> Exercise: Give the listing again exactly, omitting its images.
[[ Data extract open ]]
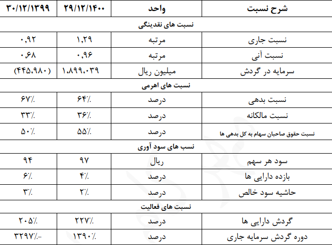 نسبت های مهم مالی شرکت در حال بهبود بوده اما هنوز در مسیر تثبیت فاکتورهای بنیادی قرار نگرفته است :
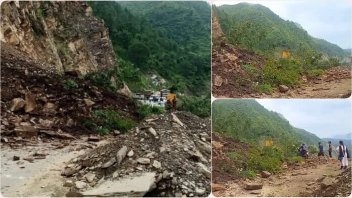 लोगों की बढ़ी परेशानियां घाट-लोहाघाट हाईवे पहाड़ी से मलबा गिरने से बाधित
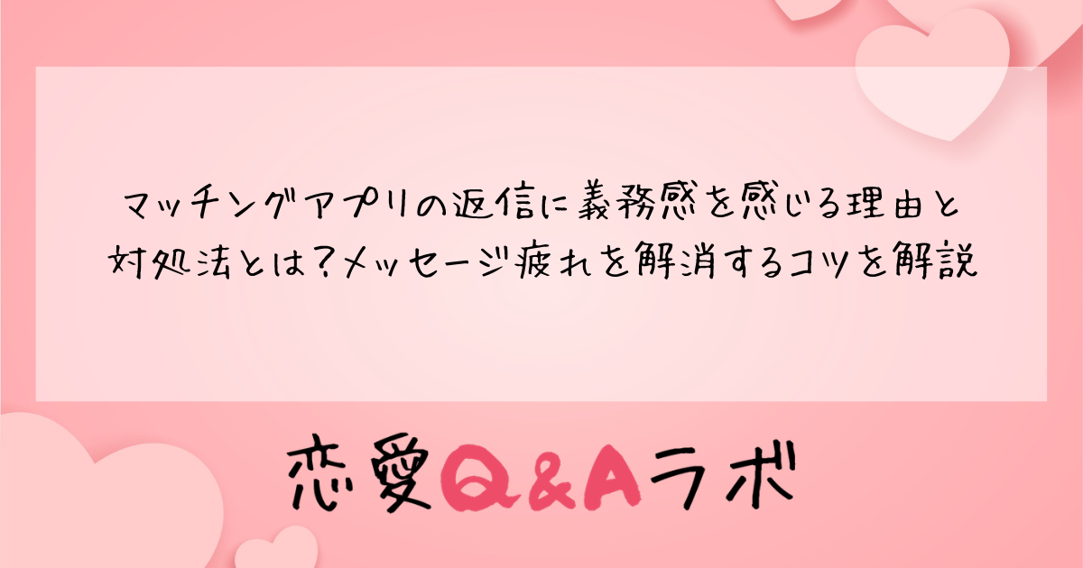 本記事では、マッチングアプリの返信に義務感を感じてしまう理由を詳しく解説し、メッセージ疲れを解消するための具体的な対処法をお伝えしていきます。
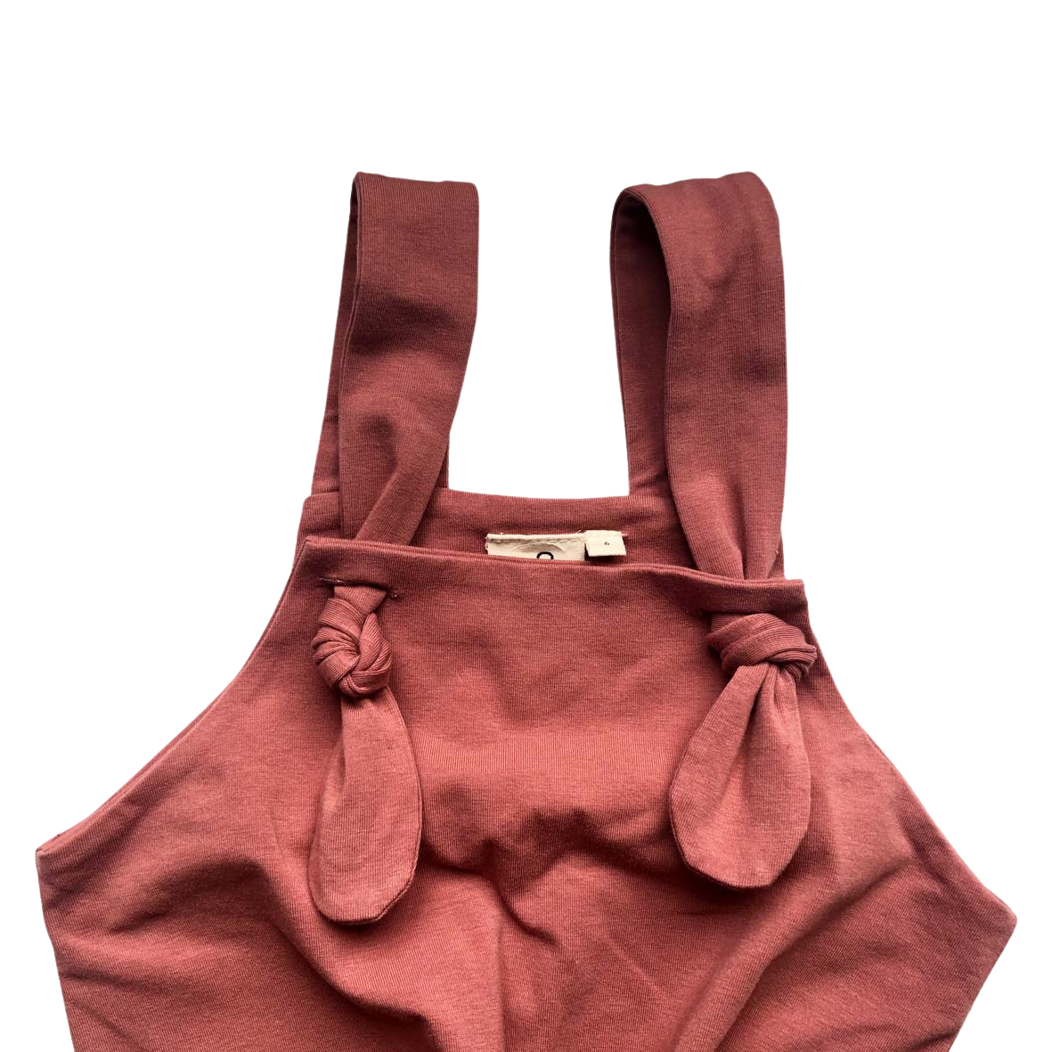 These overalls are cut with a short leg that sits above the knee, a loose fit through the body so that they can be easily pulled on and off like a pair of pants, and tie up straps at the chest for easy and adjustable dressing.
[[ Data extract closed ]]
> Answer to the exercise:
 نسبت های مهم مالی شرکت در حال بهبود بوده اما هنوز در مسیر تثبیت فاکتورهای بنیادی قرار نگرفته است :
 लोगों की बढ़ी परेशानियां घाट-लोहाघाट हाईवे पहाड़ी से मलबा गिरने से बाधित
 本記事では、マッチングアプリの返信に義務感を感じてしまう理由を詳しく解説し、メッセージ疲れを解消するための具体的な対処法をお伝えしていきます。
 These overalls are cut with a short leg that sits above the knee, a loose fit through the body so that they can be easily pulled on and off like a pair of pants, and tie up straps at the chest for easy and adjustable dressing.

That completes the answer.